Pandemic Review
Rushing down cures is just serviceable.
Break the stranglehold of viruses on the world, in a cooperative fight to eradicate disease and find cures via location-based card play and character roles. For 2-4 players, 1 hour.
Video published September 12th, 2019

Cure all 4 diseases before the world is overrun with sickness.

Pick 1 of 7 unique roles, to create new team compositions.
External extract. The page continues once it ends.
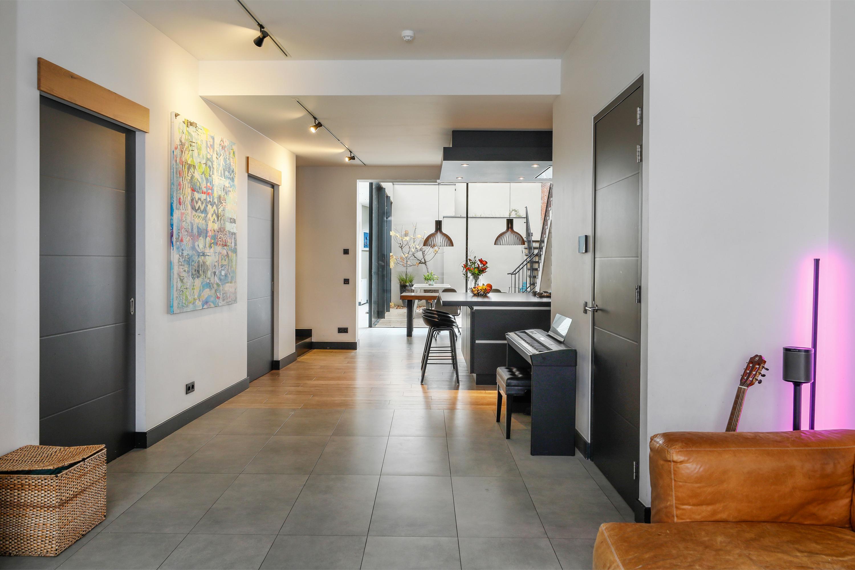 It's especially nice when the sitting area is at the end of the room. Here, you can find peace and quiet in the evenings, without the hustle and bustle. The fireplace is incorporated into a wall, as is the TV. Behind this wall, there's plenty of storage, with shelves providing ample space for displaying beautiful items. Just like the rest of the ground floor, the tiled floor resembles a wooden one. This floor not only creates a warm atmosphere, but thanks to the underfloor heating, it's also very comfortable for bare feet. A large arched window provides ample natural light.

Complete cooperative play in an hour.
Overview & How to Play
There are 4 diseases threatening to destroy the world! More specifically, cause a global epidemic.
The goal of Pandemic is to find the cure for all 4 diseases of different colors. The players lose when too much disease has been spread, or they run out of time.
To cure each disease, players need to get 5 of one type of color of card onto one person, and then have that person go to a research facility on the board (wooden house). This is quite tricky to do, as cards can typically only be given to another person on the same space as you, and the name of that card needs to match your current location. And you have to worry about disease spawning very turn!
This happens as players flip over cards from an infection deck. This can get exciting if cubes spawn where there’s already 3, which is the maximum amount there can be on one city. Then, the disease spreads to EVERY city that location is spawned to, essentially adding in 3-4 cubes, instead of just 1.
The second big pressure on the players is the epidemics, which are also randomly found in the player deck, the ‘good’ guy deck the players draw cards from. If one of these is drawn, 3 disease cubes spawn on a city on the bottom of the infection deck, that is a huge bad thing for the players!
Pros
The spreading of diseases from cities with 3 cubes to the surrounding ones is called an ‘outbreak’ mechanic, which excels at making this game tense. Any city with 3 cubes, or disease, on it quite alarming for the players, as it could suddenly spread disease all across the map. In fact, outbreaks can combo off each other if 2 cities, each with 3 cubes, are adjacent to each other.
Then, the 7 character role cards included are great, and definitely helps with replayability, given that you always play in the same board every time. There’s stuff like the Quarantine Specialist preventing all disease in her city and adjacent cities. Or the Medic that excels in clearing current disease. And of course the Scientist and Researcher, who are good at actually clearing the disease. You really feel like you’re embodying that specific role when playing.
The game works best with 3-4 people, but can make a great 2 player cooperative game if each player is willing to play 2 characters.
Cons
But for a game that is supposed to be family friendly, the rulebook is confusing as all heck. It is so easy to mess up rules, ranging from how a certain character’s ability works, to how epidemics are treated, and even the difference between eradicating vs. curing a disease. It is so easy to screw up a handful of rules. Player aids also need more enhancement, with round phases and objectives, and not be double sided.
The next cons fall under the hat of Pandemic’s heavily restrictive gameplay, which begin with the semi-randomized openings, with setup consisting of dumping disease cubes on to the first 9 cards flipped from the infection deck, making every game feel too similar despite appearing varied. There should have been some sort of themed openings with context to the mission the players are solving. Why is there no theme, like the return of the Bubonic Plague?
Because the openings are essentially all the same, once you find out the formula of what to prioritize in this game with a team that works for you, the game feels very solved in terms of what a consistent strategy is. There is clearly a stronger team composition when you find it that we won’t spoil. This stems from the problems ranging from game to game not being that varied, at least on hard mode. Hard mode just adds in more epidemic cards, which just speeds up the disaster of cubes dropping, not anything else, so you just optimize around that.
There’s also an action efficiency quirk we are concerned about, that leads to poor feeling turns. In Pandemic, you do 4 four actions a turn, and sometimes it is ideal to just sit around and wait if you’re in an optimal location. This feels like wasting time, since there are no downtime actions players can do—some characters do promote this ‘doing nothing’ as well!
The epidemic cards that we praised earlier actually do feel too strong when they hit. Due to their nature of immediately dropping 3 cubes on any 1 space, if there are any single cubes on any city from previous outbreaks, an immediate outbreak occurs. This often causes chain reactions that frequently lose players the game, or at least get them into a precarious position. We understand that the game wants players to go immediately to outbreaks to cure them, but to fully cure an outbreak takes at least 2-3 full rounds, which is an insane waste of time. Fully curing a new outbreak should be a lower priority than whatever players were previously working on. Also, there’s a chance that an epidemic could cause immediately another outbreak, since the city card that was epidemic’d gets shuffled back into the top of the infection deck. Epidemics are just stupidly strong and unreactable.
When things get into a negative space where Pandemic finalizes its stranglehold on you, you are actually screwed. There is no ebb-and-flow of this game, just a constant pressure to not be enveloped by the disease.
Because Pandemic is so restrictive, it encourages quarterbacking, where knowledge is so public as gamers are encouraged to play with hands face-up. Gameplay is very linear, so the owner of the game who has played this game plenty of times before will find himself frustrated at the inexperience of others and would prefer to direct them into -the- Pandemic strategy.